Tip: To achieve the shot bottom right, ask the child to hold Mummy and Daddy’s hands and tell her they are going to swing her – then say, “Are you ready? Are you ready?” and while she is anticipating the swing, you should get a great expression. If you just let her swing, it will be difficult to get an expression like this. And if you just ask her to stand and hold their hands, it may not work either. Sometimes I get a great swinging shot too, but inevitably the best shot is while you are making them wait for the moment! (Don’t wait too long or they will get frustrated!)
For wider shots taking in the scenery, you can place the child between the parents, but for closer shots try putting her on Dad’s shoulders which will keep all their heads closer together (see above).
I have positioned Stewart and Julie about 15 feet apart and asked Stewart to stand very close to me. I have then asked Harriet to “run to Daddy”, so she appears to be looking directly at me (above left).
I’ve then repeated the shot by asking Julie to stand next to me and asking Harriet to “run to Mummy” – and for the shot on the right I have just asked her to run between them, while I stand at the side, to create variety. Harriet of course loves the game, and obliges happily!
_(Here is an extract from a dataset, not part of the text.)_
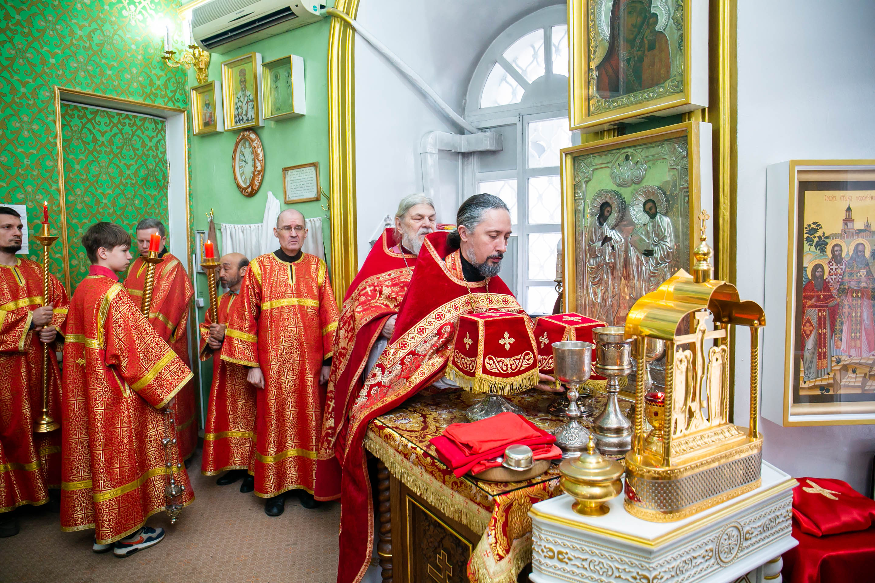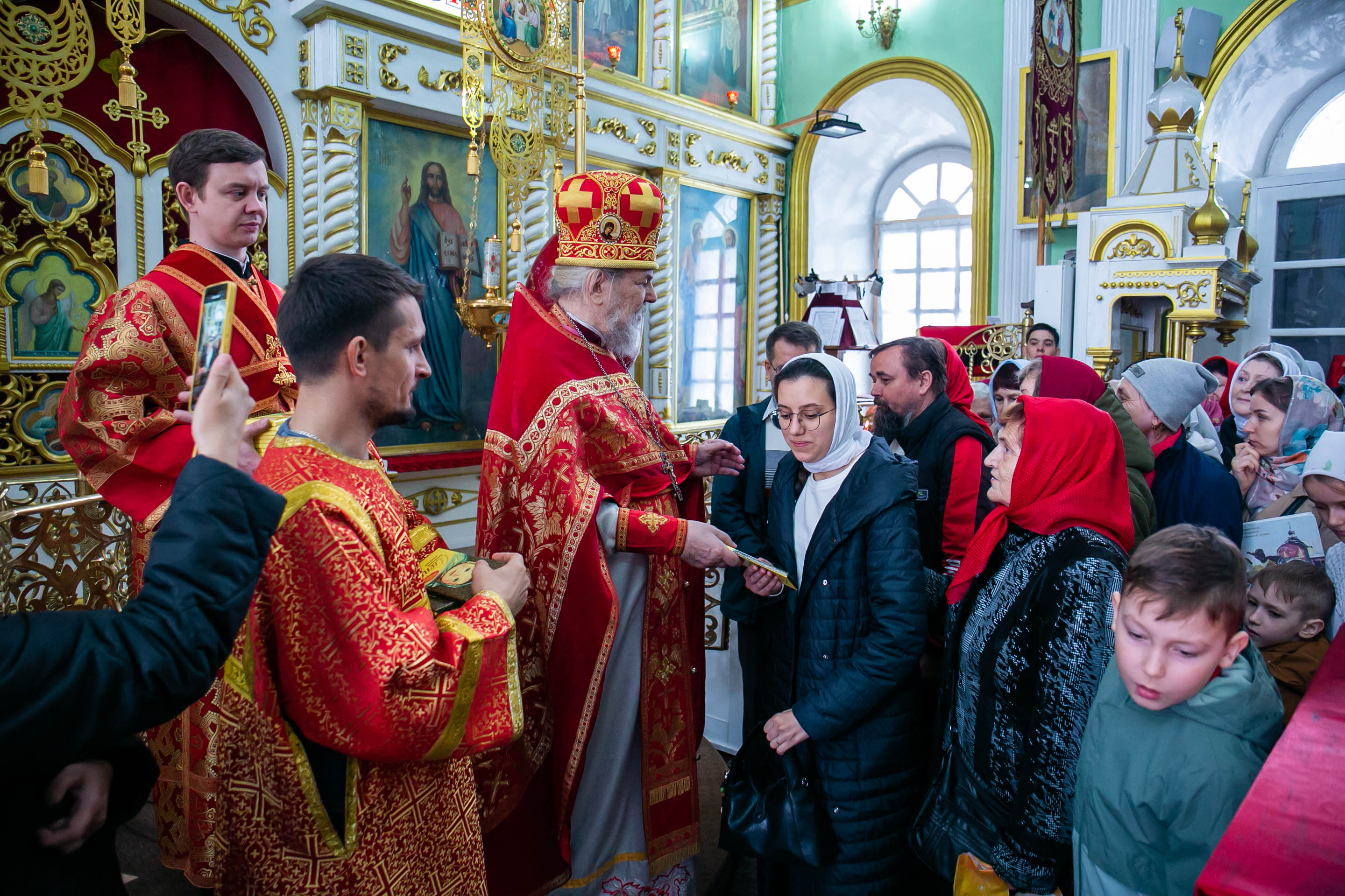 По прочтении Евангельского зачала, на сугубой ектеньи были вознесены молитвословия о даровании Единства Церкви Христовой и об умирении церковных раздоров. По сугубой ектенье были прочитаны молитвы об исцелении страждущих от пагубных зависимостей: алкоголизма,наркомании и лудомании. В завершении богослужения протоиерей Сергий Снопков обратился к молящимся со словом проповеди.

Tip: When you ask a young child to run like this, make sure the ground is soft! There’s nothing worse than her landing flat on her face in the excitement: bruises = end of photo shoot!
It always helps if you let the child get involved – Harriet wanted to hold the reflector, so we pretended to take a shot of Mummy and Daddy so she could help (above top centre)!
I hope this gives you lots of ideas for shooting in cold weather – think ahead, wrap up warm and have fun!